TASK ::
No pictures should appear. The lines from the beginning of the listing through the one holding "El Presupuesto de" must be reproduced exactly, and nothing more.

GIVEN DATA ::
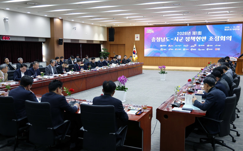 도는 13일 도청 대회의실에서 박정주 행정부지사 주재로 부시장·부군수 및 실·국·본부장 등이 참석한 가운데, ‘2026년 제1회 도·시군 정책현안 조정회의’를 개최했다.
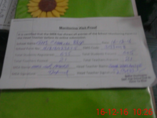 | Certified that this School was Inspected by the Undersigned MEA/DMO Today and the Information Stated Above is as Per Record. | |||||
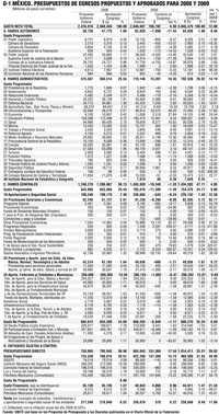 El Presupuesto de Egresos aprobado para 2009 por la Cámara de Diputados asciende a un total de 3 billones 45 mil 479 millones de pesos, cifra que a precios nominales (corrientes) es 18.5% superior a la aprobada para 2008 (2.569 billones), y a precios constantes (quitando la inflación que en 2008 fue de 6.53%) representa un incremento real del 12% (Gráfico 1).
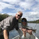 “Hey Kenny! Sorry for just getting back to you. I saw this text while we were out on the boat, then forgot to respond… we had a great time both days. The water was deep at Pointe Royale, but we still managed to catch 6 fish. We stayed by the North shore and waded up stream by the log and in front of the pond. Half of the fish were good size, 15-16” and well fed! Caught all of them on crackle backs. We had just 1 or 2 bites on midges. The next day we had Gina as our guide with River Run Outfitters. Put in by the dam and would paddle up stream and drift downtown he south bank a few times. San Juan worms worked the best. Both red and pink. I had an egg as the attraction fly and the San Juan below that. I caught 7 fish and my stepfather caught 4 or 5 and probably missed a dozen. He had more bites on the front of the boat. Once we got to the island in front of Pointe Royale, we used streamers on the South bank where there was a nice seam. Caught a couple of fish on olive/black streamers then moved down stream. Continued to catch them on the San Juan worms. Had such a great time and thank you again for the advice! My stepfather had a great 70th bday! I’ll send you some photos as well.”
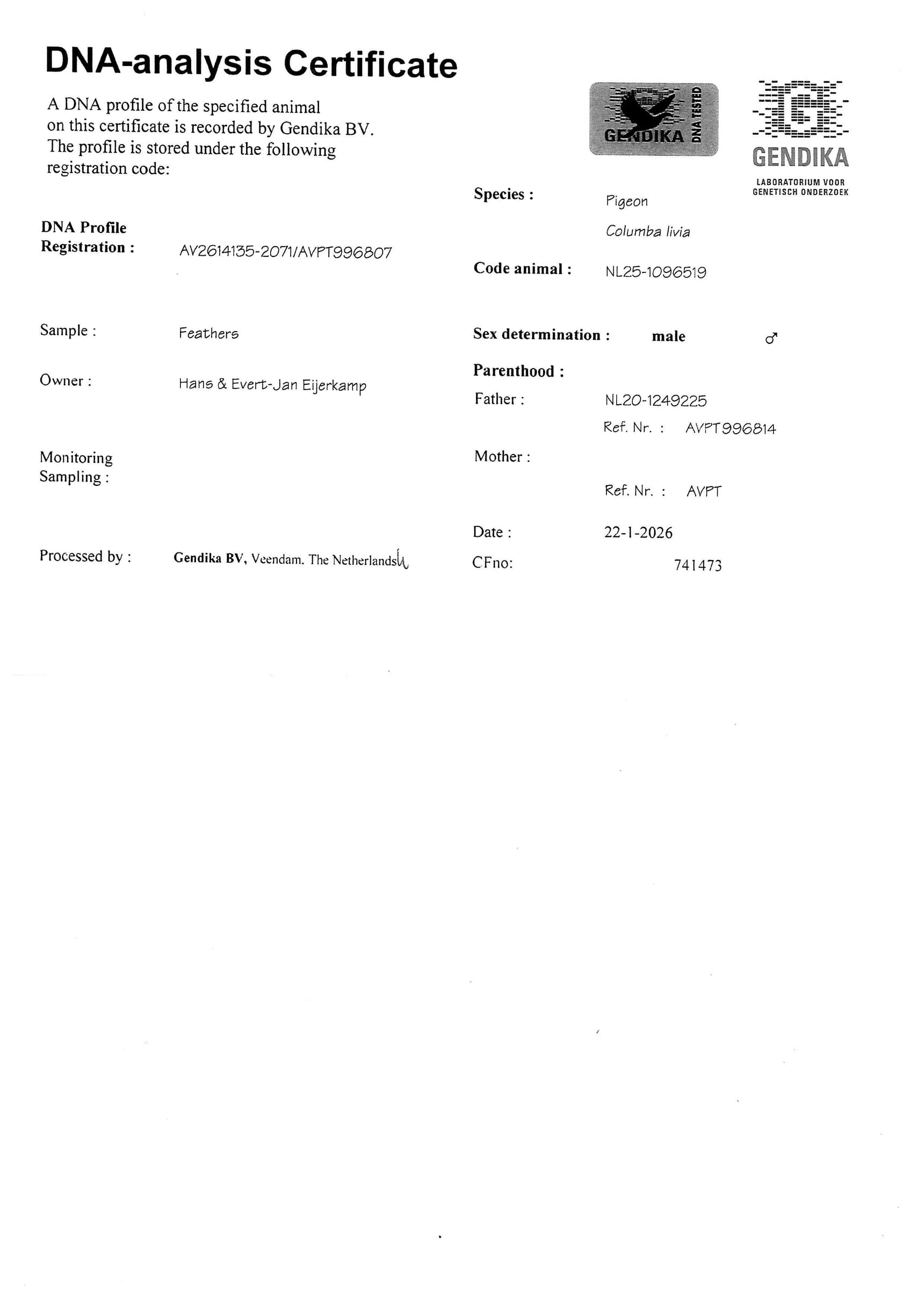 Born out “Grandson Nieuwe Olympiade” x “Granddaughter Nieuwe Olympiade”
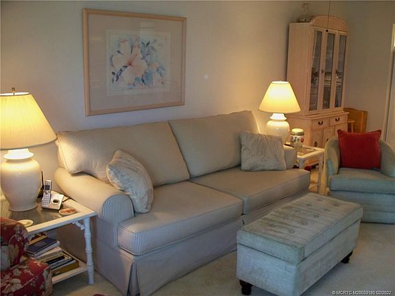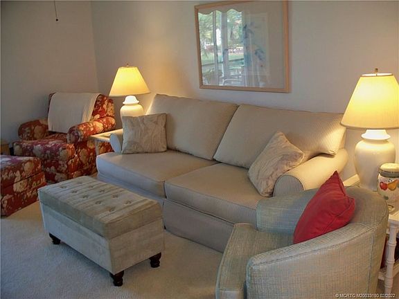 Great location close to the clubhouse and amenities. This unit is one of a few that have a sliding glass door off the living and the master bedroom that opens to a large screened balcony with a view of the pond, bridge, and golf course. Roll down storm shutters on the porch. Master bedroom with walk-in closet. 2nd bedroom has a large corner desk and trundle sofa/bed. Kitchen has white cabinets and newer refrigerator, microwave, dishwasher and disposal. The furniture will remain. Enjoy UNLIMITED GOLF, 2 fishing piers, 2 clubhouses, WIFI at the main clubhouse, pool, bocce, shuffleboard, library, exercise room. Water/ sewer/basic cable included too.
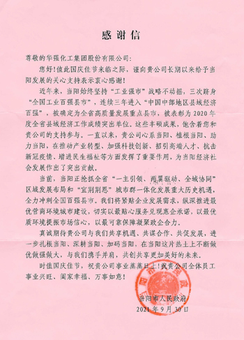 近日,当阳市人民政府向我公司送来感谢信。感谢信充分肯定了太阳成集团tyc122ccvip作为全市龙头骨干企业一直心系当阳、植根当阳、助力当阳,在推动产业转型、加强科技创新、招引高端人才、抗击新冠疫情、增进民生福祉等方面发挥了重要作用,为当阳经济社会发展作出了突出贡献,对太阳成集团tyc122ccvip长期以来给予当阳发展的关心支持表示衷心感谢!
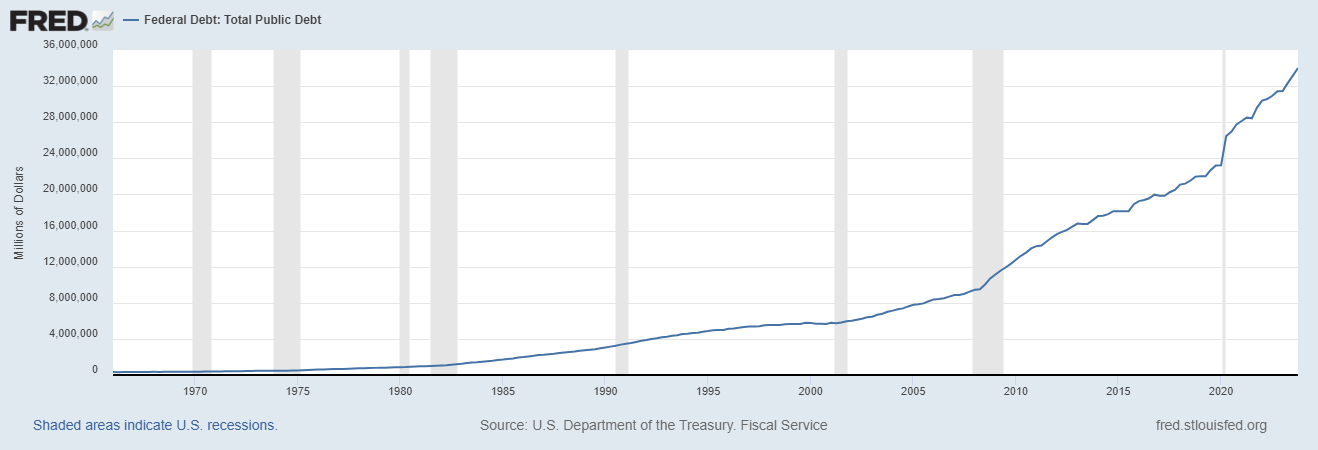 Američki javni dug iznosi približno 34.5 bilijuna (tisuća milijardi) dolara, od čega je gotovo trećina stvorena u zadnje 4 godine. Prema projekcijama Ureda američkog Kongresa za proračun, čak i ako se stopa inflacije spusti na 2%, a Federalne rezerve spuste kamatne stope, fiskalni deficit svejedno će nastaviti izmicati kontroli.
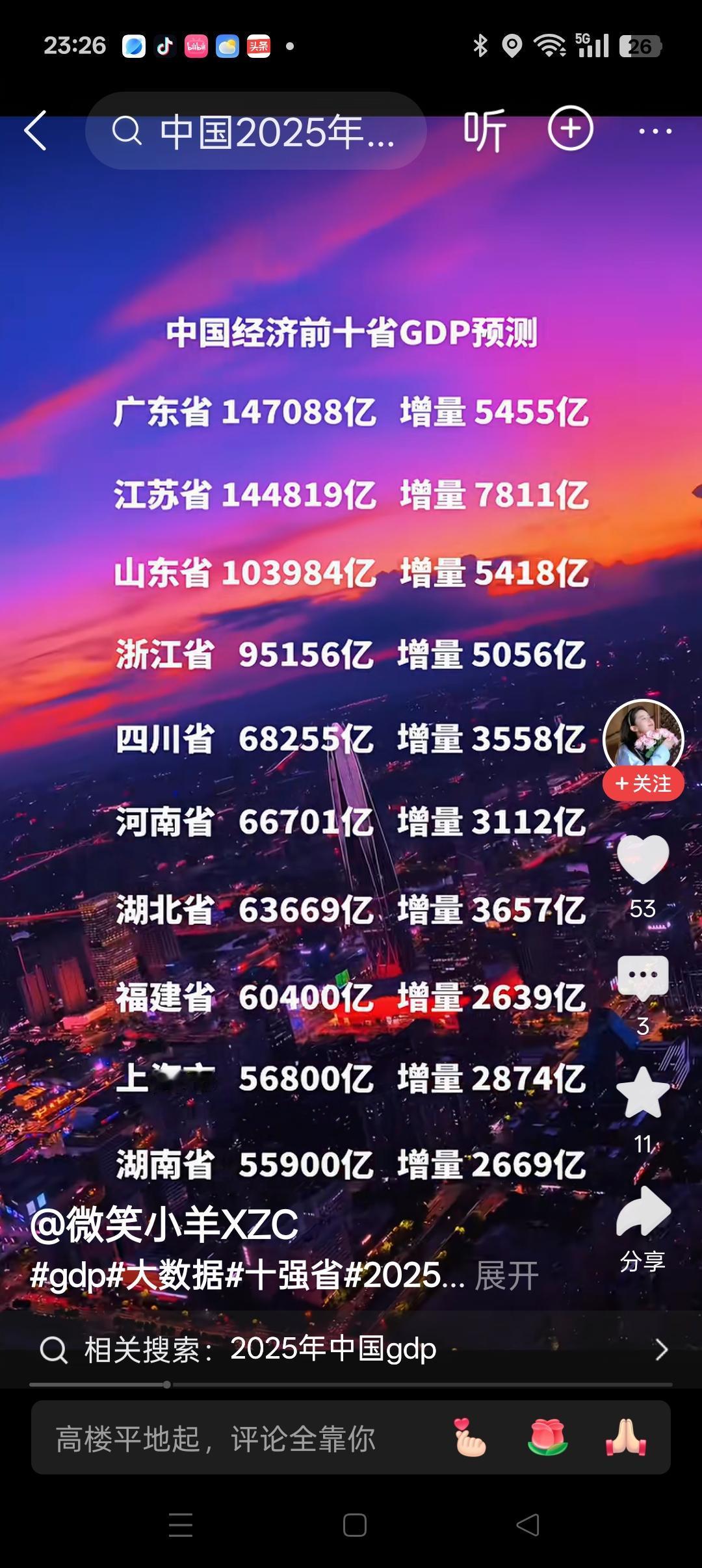2025GDP10强榜出炉了 根据最新预测结果,2025各省市区GDP10强榜(不含港澳台)出炉了。 不难看出以下几个端倪: 一是江苏GDP增量再次居首,由此,江苏与广东的差距又缩短了许多,照此趋势下去,过不了几年,江苏将会超越广东,把千年老二的帽子彻底摘掉。 二是十强层次分明,粤、苏、鲁、浙四大经济强省不管是总量,还是增量,显然均位居GDP第一阵容;余下的六个省市则位居第二阵容。且第二阵容与第一阵容的差距进一步拉大。 三是较上年排名,没有出现任何变化,表明经济大势较为平稳。

RESULT FOR THIS TASK ::
 도는 13일 도청 대회의실에서 박정주 행정부지사 주재로 부시장·부군수 및 실·국·본부장 등이 참석한 가운데, ‘2026년 제1회 도·시군 정책현안 조정회의’를 개최했다.
 | Certified that this School was Inspected by the Undersigned MEA/DMO Today and the Information Stated Above is as Per Record. | |||||
 El Presupuesto de Egresos aprobado para 2009 por la Cámara de Diputados asciende a un total de 3 billones 45 mil 479 millones de pesos, cifra que a precios nominales (corrientes) es 18.5% superior a la aprobada para 2008 (2.569 billones), y a precios constantes (quitando la inflación que en 2008 fue de 6.53%) representa un incremento real del 12% (Gráfico 1).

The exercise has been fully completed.